Model conversion with ai-edge-torch + Matadata presents long inference time

[RubensZimbres]

I developed a customized Resnet in PyTorch, converted with ai-edge-torch to tflite, added metadata and put the tflite model in a Google Cloud bucket for inference, in a MediaPipe example of Image Classification.
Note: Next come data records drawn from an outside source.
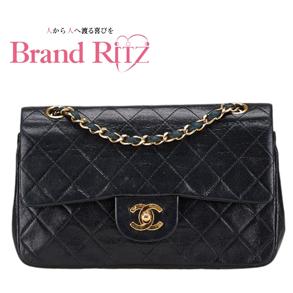 - 中古 ABランク シャネル マトラッセ23 ダブルフラップ ココマーク チェーン ショルダーバッグ ブラック ラムスキン 【送料無料】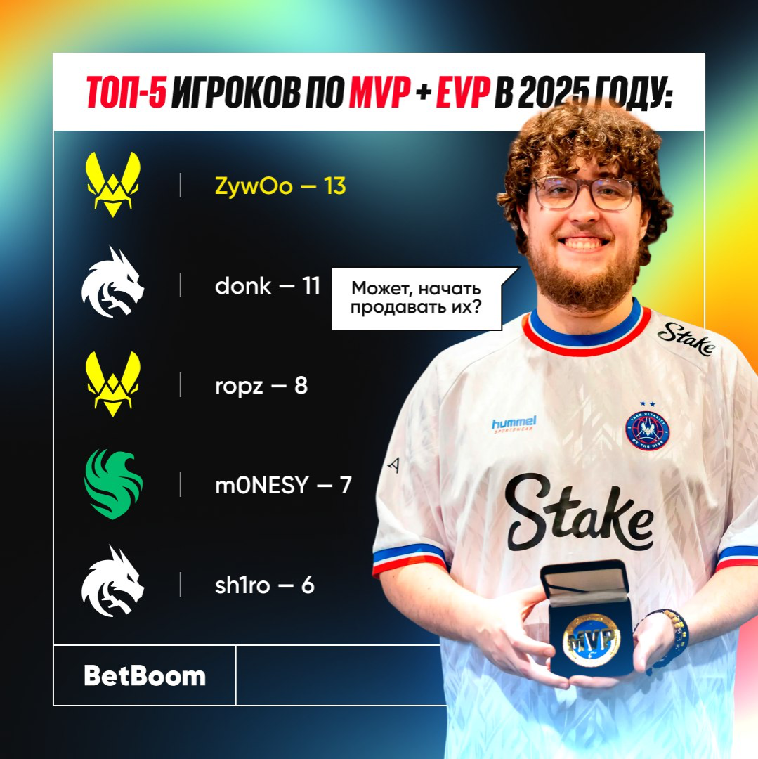 Публикуем статистику игроков, которые получили больше всех наград MVP и EVP на тир-1 турнирах в 2025 году:
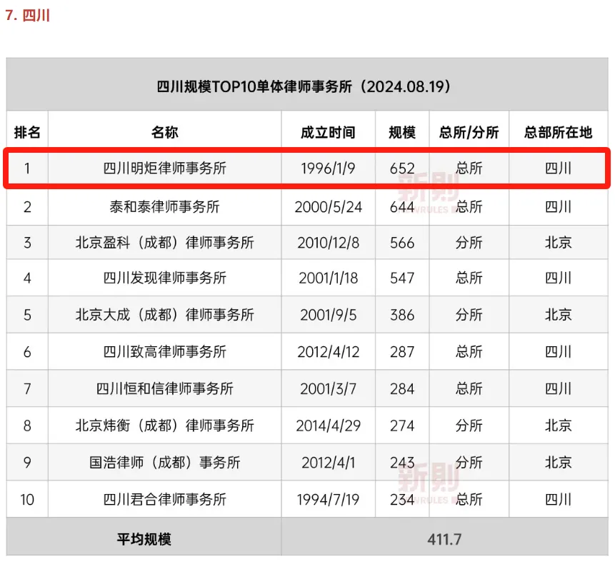 最新榜单!明炬位列“四川规模TOP10单体律所”NO.1

Explanation and code here.

resnet50 = torchvision.models.resnet50(torchvision.models.ResNet50_Weights.IMAGENET1K_V1).eval()

class PermuteInput(nn.Module):
    def __init__(self):
        super(PermuteInput, self).__init__()

    def forward(self, x):
        # Permute from (batch, height, width, channels) to (batch, channels, height, width)
        return x.permute(0, 3, 1, 2)

class HandleOutput(nn.Module):
    def __init__(self):
        super(HandleOutput, self).__init__()

    def forward(self, x):
        return F.normalize(x) 

# Add the custom reshape layer to the model
# Here, we use a Sequential container to append the reshape layer after the adaptive average pooling layer
resnet50_with_reshape = nn.Sequential(
    PermuteInput(),
    resnet50,
    HandleOutput()
)

edge_model = resnet50_with_reshape.eval()
sample_input = (torch.rand((1, 224, 224, 3), dtype=torch.float32),)
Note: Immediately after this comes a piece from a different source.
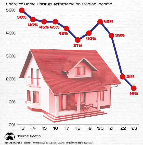 In 2023, only 16% of homes were affordable in America, falling from 21% in the year before. An affordable listing was defined as one with a monthly mortgage payment no more than 30% of the median monthly income of that county.

edge_model = ai_edge_torch.convert(edge_model.eval(), sample_input)

pt2e_quantizer = PT2EQuantizer().set_global(
    get_symmetric_quantization_config(is_per_channel=True, is_dynamic=True))

pt2e_torch_model = capture_pre_autograd_graph(resnet50_with_reshape.eval(),sample_input)
pt2e_torch_model = prepare_pt2e(pt2e_torch_model, pt2e_quantizer)

# Run the prepared model with sample input data to ensure that internal observers are populated with correct values
pt2e_torch_model(*sample_input)

# Convert the prepared model to a quantized model
pt2e_torch_model = convert_pt2e(pt2e_torch_model, fold_quantize=False)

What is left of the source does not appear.